26. De leur côté, les requérants précisent que certains arrêts de la Cour de cassation ont affirmé que l’article 240 règle exclusivement la manière d’invoquer des « allégations » et ne s’applique pas en matière d’invocation des éléments de preuve (arrêts no 264/1989 et no 182/2000). Même dans l’arrêt no 9/2000, cité ci-dessus par le Gouvernement, il y avait une minorité des six juges qui avaient soutenu que l’article 240 ne réglait pas la manière d’invoquer à nouveau des documents légalement soumis avec des observations écrites déposées lors des audiences antérieures et qu’il ne pouvait pas être appliqué par analogie.
27. L’article 904 § 1 du code civil prévoit :
« Quiconque s’est enrichi sans motif légitime au moyen ou aux dépens du patrimoine d’autrui est tenu à la restitution du profit. Cette obligation vaut notamment en cas de paiement de l’indu, ou de prestation pour une cause qui ne s’est pas réalisée ou a cessé d’exister, ou qui est illicite ou immorale (…). »
EN DROIT
I. SUR LA VIOLATION ALLÉGUÉE DE L’ARTICLE 6 § 1 DE LA CONVENTION
28. Les requérants se plaignent d’une violation de leur droit à un procès équitable en raison du formalisme excessif dont aurait fait preuve la cour d’appel en appliquant l’article 240 du code de procédure civil et en ne prenant pas en considération des documents de preuve qu’ils avaient soumis. Ils ajoutent que les juridictions civiles ont introduit une limitation de leur droit à un procès équitable qui n’était pas claire, accessible et prévisible, que cette limitation ne poursuivait pas un but légitime et qu’elle n’était pas proportionnelle à ce dernier.

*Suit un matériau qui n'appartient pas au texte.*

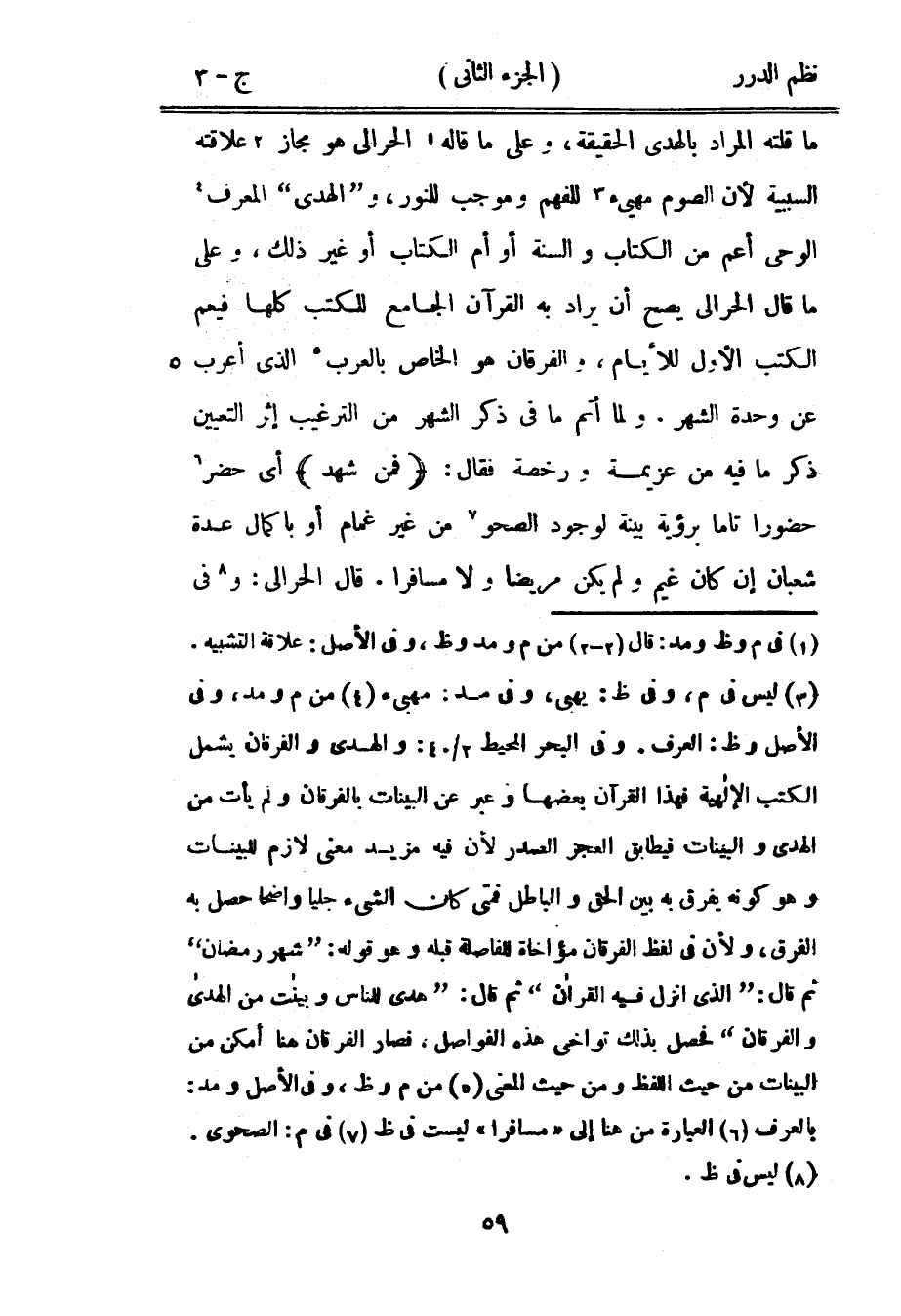 ما قلته المراد بالهدى الحقيقة، وعلى ما قاله الحرالي هو مجاز علاقته السببية لأن الصوم مهيىء للفهم وموجب للنور، {الهدى} المعرف الوحي أعم من الكتاب والسنة أو أم الكتاب أو غير ذلك، وعلى ما قال الحرالي يصح أن يراد به القرآن الجامع للكتب كلها فيعم الكتب الأول للأيام، والفرقان هو الخاص بالعرب الذي أعرب عن وحدة الشهر. ولما أتم ما في ذكر الشهر من الترغيب إثر التعيين ذكر ما فيه من عزيمة ورخصة فقال: {فمن شهد} أي حضر حضوراً تاماً برؤية بينة لوجود الصحو من غير غمام أو بإكمال عدة شعبان إن كان غيم ولم يكن مريضاً ولا مسافراً. قال الحرالي: وفي

Ils allèguent une violation de l’article 6 § 1, qui dans sa partie pertinente se lit ainsi :
« Toute personne a droit à ce que sa cause soit entendue équitablement (…), par un tribunal (…) qui décidera (…) des contestations sur ses droits et obligations de caractère civil (…). »
A. Sur la recevabilité
29. Le Gouvernement invite la Cour à rejeter ce grief pour défaut de qualité de victime. Il soutient que les requérants visent à faire examiner par la Cour la conformité in abstracto de la condition posée par l’article 240 du code de procédure civile avec la Convention. Il souligne, d’une part, que les allégations des requérants qui résultaient des documents non pris en compte avaient été exposées à l’audience devant le tribunal de première instance par leur propre témoin, dont la déposition avait une valeur probante égale avec celle de la déclaration sous serment qui n’avait pas été prise en compte et, d’autre part, que le procès-verbal contenant la déposition de la témoin Ef.Ma. faisait partie du dossier devant la cour d’appel.

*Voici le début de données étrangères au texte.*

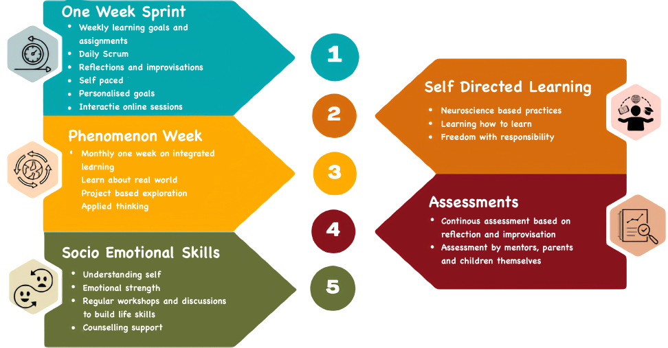 At Agile Shaala, learning follows a dynamic cycle. Children plan their goals using agile tools, have personalised learning experiences, explore through hands-on activities and grow through continous feedback.
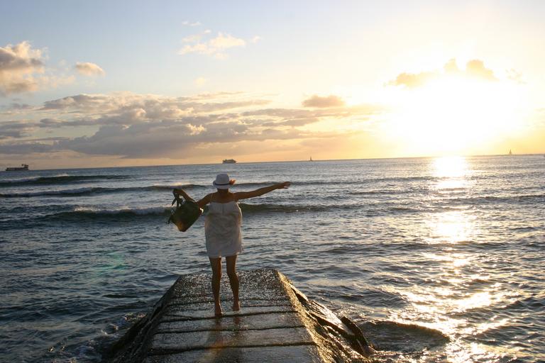 Keywords: hawaii waikiki honolulu beach evening woman holiday white hat wave sea ocean america usa sun sunset summer warm bag jump away wet sport horizon

30. La Cour considère que, dans les circonstances particulières de l’espèce, l’exception du Gouvernement est si étroitement liée à la substance du grief des requérants qu’il y a lieu de la joindre au fond.
31. Constatant que ce grief n’est pas manifestement mal fondé ni irrecevable pour un autre motif visé à l’article 35 de la Convention, la Cour le déclare recevable.
B. Sur le fond
1. Arguments des parties
a) Les requérants
32. Les requérants soutiennent que l’arrêt de la cour d’appel, qui a été confirmé par la Cour de cassation, a ignoré un élément de preuve au motif qu’ils ne l’avaient pas présenté conformément à l’article 240 du code de procédure civile que la cour d’appel a appliqué par analogie dans leur cas. Toutefois, il existe quatorze arrêts de la Cour de cassation dans lesquels celle-ci a considéré que la méthode suivie par les requérants pour invoquer leurs éléments de preuve devant la cour d’appel était tant légale que recevable. Les arrêts de la Cour de cassation mentionnés par le Gouvernement ne sont pas pertinents car dans les procédures concernées par ces arrêts les parties avaient seulement déclaré dans leurs observations à la cour d’appel qu’elles se fondaient sur les documents déposés devant le tribunal de première instance sans se référer à ces éléments de preuve de manière spécifique, claire et précise.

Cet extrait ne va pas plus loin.